> [Assignment] Please give the whole listing again word for word, and drop any pictures it holds.

> [Data excerpt]
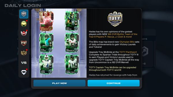 NatureBoy2323Hero+1 day agoMadden Mobile 26 Team Of The Year Part IIEnjoy the views from to the top of Olympus in TOTY Part 2! Face daily rotating Godly Trial Achievements for more Victory Laurels and conquer Hades' Challenge.
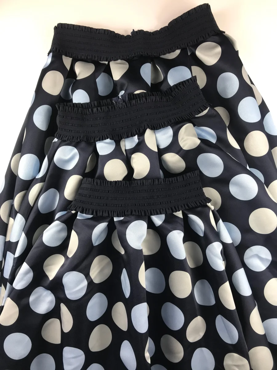 Jupe longue satinée bleu marine à pois bleu ciel et beige
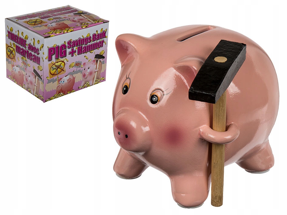 Дуже весела і класична скарбничка у вигляді рожевої веселої свинки. Це веселе порося із задоволенням подбає про ваші заощадження. Воно одноразове, щоб видалити накопичені заощадження, потрібно розбити його молотком, що входить у комплект. Скарбничка упакована в барвисту коробку, ідеально підходить для подарунка.
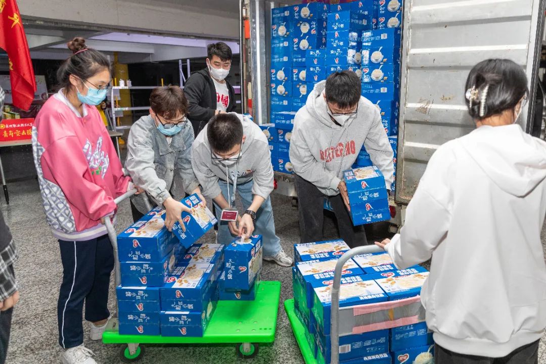 接收、分类、装箱,再一件件抬上电瓶车运到各个书院分发……3月21日,校领导、教职工、教工家属纷纷加入抗疫教职工志愿服务队中,共出动近百人次,为全校学生提供送餐服务,全力保障学生们的用餐。

> [Answer section]
 NatureBoy2323Hero+1 day agoMadden Mobile 26 Team Of The Year Part IIEnjoy the views from to the top of Olympus in TOTY Part 2! Face daily rotating Godly Trial Achievements for more Victory Laurels and conquer Hades' Challenge.
 Jupe longue satinée bleu marine à pois bleu ciel et beige
 Дуже весела і класична скарбничка у вигляді рожевої веселої свинки. Це веселе порося із задоволенням подбає про ваші заощадження. Воно одноразове, щоб видалити накопичені заощадження, потрібно розбити його молотком, що входить у комплект. Скарбничка упакована в барвисту коробку, ідеально підходить для подарунка.
 接收、分类、装箱,再一件件抬上电瓶车运到各个书院分发……3月21日,校领导、教职工、教工家属纷纷加入抗疫教职工志愿服务队中,共出动近百人次,为全校学生提供送餐服务,全力保障学生们的用餐。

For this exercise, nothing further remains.